ICH ( W.a. ): Najo, des host da ausgsuacht!
WILLI ( I.a. ): Das hab´ ich mir nicht ausgesucht! So ein Leben sucht man sich nicht aus, so ein Leben passiert einem!
ICH ( W.a. ): ( bestätigend ) Mhm!
WILLI ( I.a. ): War das
dein Experiment?
ICH ( W.a. ): Im groß´n und gaunzn: Jo! Wüst wieda tausch´n?
WILLI (I.a. ): Bitte! Ich möchte bei meinem persönlichen Scheitern zumindest selbst dabeisein.

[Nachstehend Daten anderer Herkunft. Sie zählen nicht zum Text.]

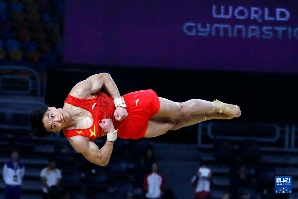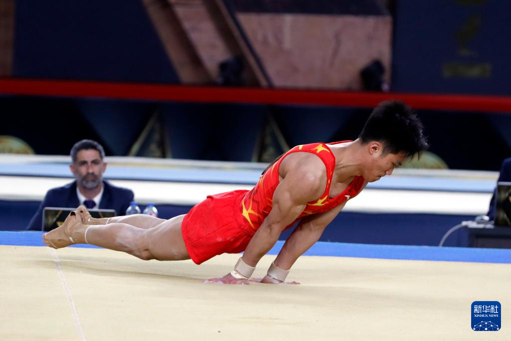 4月3日,中国选手李鸿颜在男子自由操项目资格赛中。他位列第七名,晋级决赛。

ICH ( W.a. ): Najo, du muaßt jo net scheitern, es kaun jo a ollas gaunz leiwaund werdn.
WILLI ( I.a. ): Und wie soll das gehen?
ICH ( W.a. ): Woat, tausch ma z´erscht amoi!
WILLI ( im Übergang ): Jo bitte, i reiß´ eh scho a Authentizitätskrise auf.
ICH ( im Übergang ): Des warat schlecht, wäu wir soit´n glaubwürdig und nachvollziehbar bleiben.
WILLI ( W.a. ): So, jetzt g´schpia i mi wieda! - Und wieso muaß i net scheitan?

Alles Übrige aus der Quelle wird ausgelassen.